В тот вечер мы впервые заночевали у Шарля в столовой. Я буквально валился с ног от усталости, но мне пришлось засыпать с тяжестью на груди: во-первых, на меня давила голова братишки, который со времени разлуки с родителями завел противную привычку спать тесно приткнувшись ко мне; во-вторых, я ощущал увесистый револьвер с барабаном, засунутый в левый нагрудный карман куртки. И, хотя сейчас он пока не был заряжен, я даже во сне боялся, как бы не продырявить голову моему младшему брату.
Когда все уснули, я тихонько встал и на цыпочках вышел в сад за домом. Шарль держал там собаку спаниеля, доброго и ужасно глупого.
Я вспоминаю этого пса, потому что в ту ночь мне ужасно хотелось погладить его мохнатую голову. Присев на стул под натянутой бельевой веревкой, я взглянул в небо и вытащил из кармана свой «пугач». Пес подошел и обнюхал ствол, а я гладил его по голове, приговаривая, что он единственное существо, которому я даю понюхать мое оружие. Я говорил так потому, что в тот момент мне очень нужно было почувствовать уверенность в своих силах.

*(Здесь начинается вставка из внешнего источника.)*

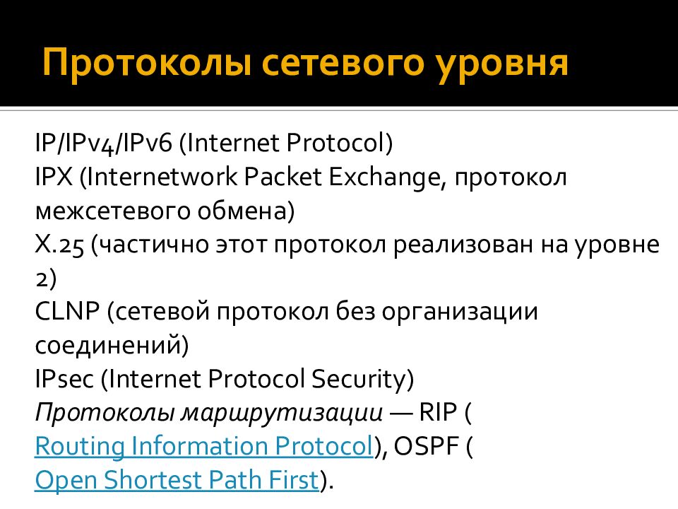 IP/IPv4/IPv6 (Internet Protocol) IPX (Internetwork Packet Exchange, протокол межсетевого обмена) X.25 ( частично этот протокол реализован на уровне 2) CLNP ( сетевой протокол без организации соединений) IPsec (Internet Protocol Security) Протоколы маршрутизации — RIP ( Routing Information Protocol ), OSPF ( Open Shortest Path First ).
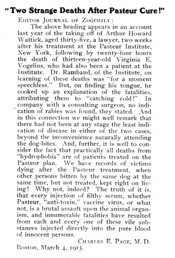Zoophily often also discussed the effectiveness of the Pastuer treatment and was quick to point out that most dogs that bit people were not rabid, and could be held in shelters and observed for signs of rabies instead of being destroyed and tested. The periodical often also questioned whether rabies or hydrophobia was real at all, and argued that people who were bitten were also just as apt to die of “Lyssophobia” or the fear of rabies itself. There were often also articles questioning the effectiveness of vaccines.

В конце минувшего дня, украв пару велосипедов, я вступил в ряды Сопротивления и только теперь, ночью, слыша простуженное сопение своего братишки, наконец поверил в то, что это произошло. Я превратился в Жанно из бригады Марселя Лангера; в течение многих последующих месяцев я взрывал поезда и опоры электропередач, выводил из строя моторы и крылья самолетов.

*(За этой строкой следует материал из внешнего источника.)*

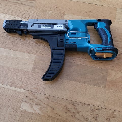 Makita 18v DFR550 gipsdrill for båndskruer mellom 25-55mm. Kan brukes til terrasseskruer og sponplateskruer. Nytt bits. Virker som den skal.
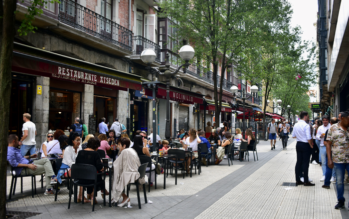 Her er du via broerne over Nervion-floden også i gåafstand til i hvert fald den østlige del af bydelen Abando, der er Bilbaos nyere centrum med bl.a. Guggenheim og den populære handelsgade Gran Via.
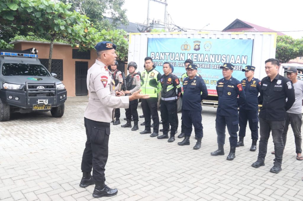 Kegiatan tersebut dipimpin langsung oleh Danyon C Pelopor Sat Brimob Polda Sumsel, Kompol Yuliko, S.H., yang bertindak sebagai Perwira Pengendali (Pamendal) dalam operasi pengawalan logistik kemanusiaan. Bertempat di Kecamatan Kota Pinang, Kabupaten Labuhan Batu, Kompol Yuliko memberikan arahan teknis serta penekanan penting kepada seluruh personel sebelum rombongan melanjutkan perjalanan menuju titik distribusi bantuan.

Я был членом группы, которой удалось немыслимое – сбивать немецкие бомбардировщики… с велосипеда.
4
Нас разбудил Борис. Еще только начинает светать, голодные спазмы терзают желудок, но я не должен обращать на это внимание, сегодня мы завтракать не будем. И потом, на меня возложена важная миссия. Сильно подозреваю, что у меня крутит кишки больше от страха, чем от голода. Борис садится к столу, Шарль уже за работой: красный велосипед преображается прямо на глазах, он уже лишился своих кожаных наконечников на руле, теперь их сменили другие, непарные – один красный, другой синий. Что ж, как ни жаль раскурочивать эту элегантную машину, я уступаю доводам разума: главное, чтобы краденые велосипеды никто не признал. Пока Шарль проверяет переключатель скоростей, Борис знаком подзывает меня к себе.

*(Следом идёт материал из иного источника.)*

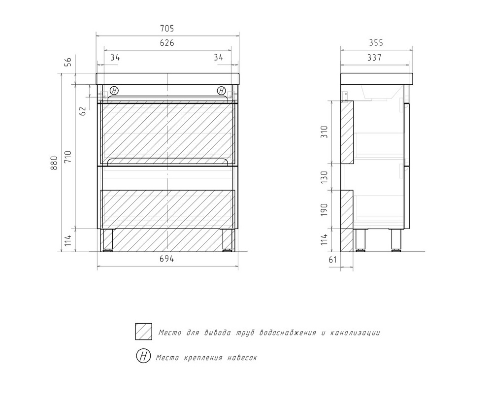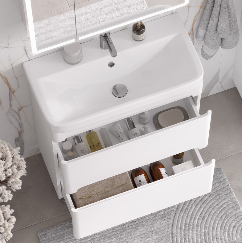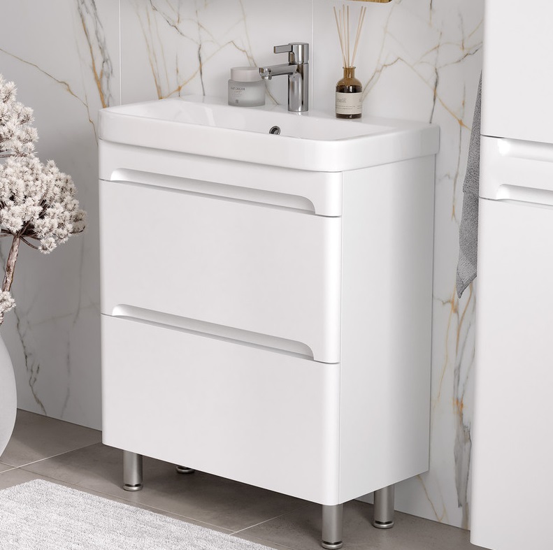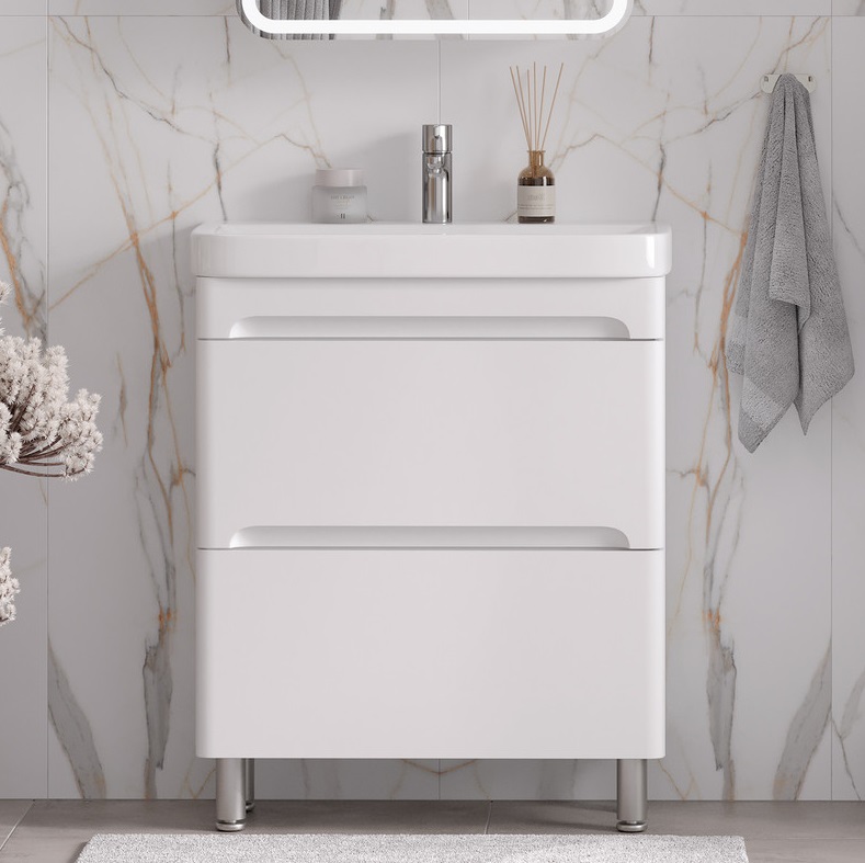 Тумба с раковиной Equil Nice 70 напольная, 2 ящика, белый |

– Планы изменились, – говорит он. – Ян не хочет, чтобы вы шли на акцию все втроем. Вы новички, и, если возникнут проблемы, лучше, чтобы вас подстраховывал кто-то из опытных бойцов.
Не знаю, что это значит: может, бригада еще недостаточно мне доверяет. Поэтому я молчу и предоставляю говорить Борису.
– Твой брат останется здесь. А я буду тебя сопровождать и прикрою твой отход. Теперь слушай внимательно, как все должно пройти. Чтобы убить врага, есть особый метод, и нужно следовать ему буквально, это очень важно. Эй, ты меня слушаешь?
Я киваю. Борис, наверное, понял, что на какой-то миг я отвлекся от разговора. Я думал о братишке: вот разобидится-то, когда узнает, что его отстранили от дела. А я даже не смогу его убедить, что мне будет спокойней от сознания, что сегодня утром его жизнь не подвергнется опасности.
И вдвойне спокойней оттого, что Борис студент третьего курса мединститута и, если меня подстрелят во время акции, сможет мне помочь, хотя это совершенно дурацкая мысль, ведь в таких операциях самый большой риск не в том, что тебя ранят, а в том, что ты будешь арестован или попросту убит, а это, в большинстве случаев, почти одно и то же.
Но, как бы то ни было, я признаю, что Борис прав, – наверное, я действительно отвлекся, пока он говорил; могу только сказать в свое оправдание, что всегда отличался этой прискорбной особенностью – грезить наяву, даже мои преподаватели всегда говорили, что я из породы рассеянных. Это было еще до того, как я вздумал сдавать экзамены на бакалавра, а директор лицея отправил меня домой. Ибо с такой фамилией, как моя, о бакалавриате и мечтать не приходилось.
Ну да ладно, я встряхиваюсь и заставляю себя сосредоточиться на плане предстоящей акции, иначе мой товарищ Борис, старательно излагающий мне, шаг за шагом, что нужно делать, в лучшем случае отчитает меня за невнимание, а в худшем попросту лишит возможности участвовать в операции.
– Ты меня слушаешь? – спрашивает он.
– Да-да, конечно!
– Значит, как только мы засечем цель, обязательно проверь, снят ли револьвер с предохранителя. У нас бывали случаи, когда ребята попадали в серьезные переделки, думая, что оружие дало осечку, а на самом деле они попросту забывали снять его с предохранителя.
Я подумал, что это и впрямь дурацкая случайность, но когда тебе страшно, по-настоящему страшно, ты становишься таким неуклюжим, что хоть плачь; это действительно так, можешь поверить мне на слово. Главное было не прерывать Бориса и вникнуть в его указания.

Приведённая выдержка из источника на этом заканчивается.